◆ DATA PROVIDED:
--- START ---

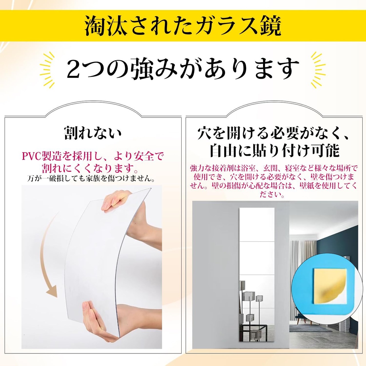 【製品詳細】セットごとに5枚の30cm×30cm×2mmの鏡を含み、専門の粘着ステッカーを付属し、確実に固着し飞散を防止しますシンプルなフレームレスデザインで、スペースをより広々と感じさせますPOZEALを選んで、壁の一面をあなたのファッションショーに変えましょう
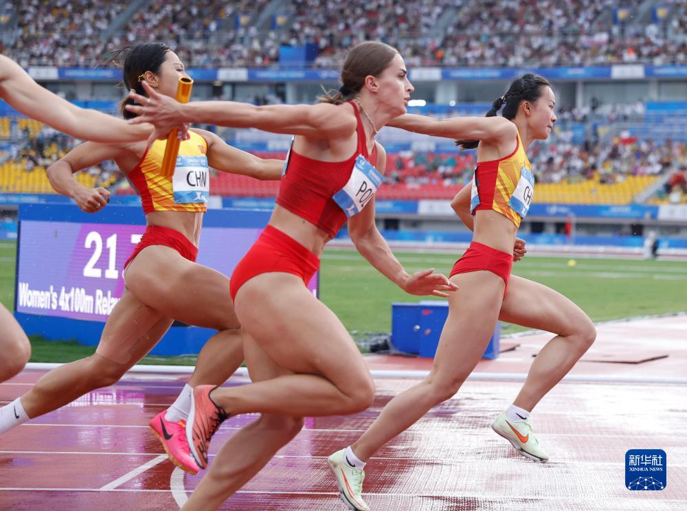 当日,在成都举行的第31届世界大学生夏季运动会田径项目女子4x100米接力决赛中,中国队以43秒70的成绩获得冠军。
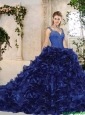 Perfect Straps Brush Train Quinceanera Gowns in Royal Blue
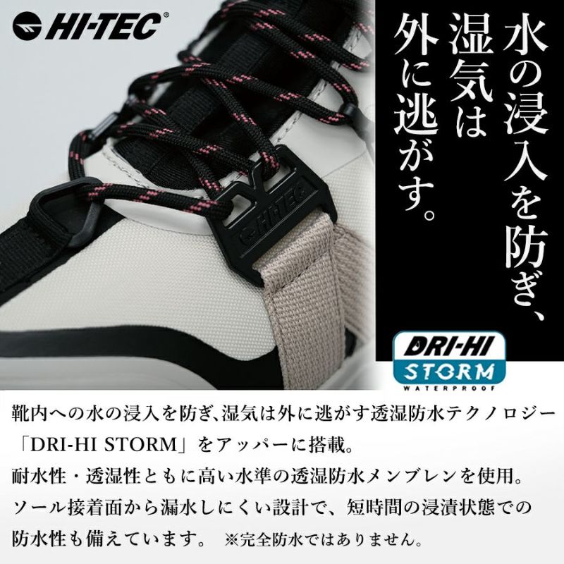 アッパーには高グレードの透湿防水メンブレンを使用した「DRI-HI STORM」を搭載し、耐水圧(10,000mm)/ 透湿度(5,000g/m2/24hr)の性能を誇ります。

--- END ---

◆ TASK ITEM:
What is needed is a verbatim copy of the lines running from the one with "当日,在成都举行的第31届世" through the last line of the listing above, excluding any pictures.

◆ REPLY TO THE EXERCISE:
 当日,在成都举行的第31届世界大学生夏季运动会田径项目女子4x100米接力决赛中,中国队以43秒70的成绩获得冠军。
 Perfect Straps Brush Train Quinceanera Gowns in Royal Blue
 アッパーには高グレードの透湿防水メンブレンを使用した「DRI-HI STORM」を搭載し、耐水圧(10,000mm)/ 透湿度(5,000g/m2/24hr)の性能を誇ります。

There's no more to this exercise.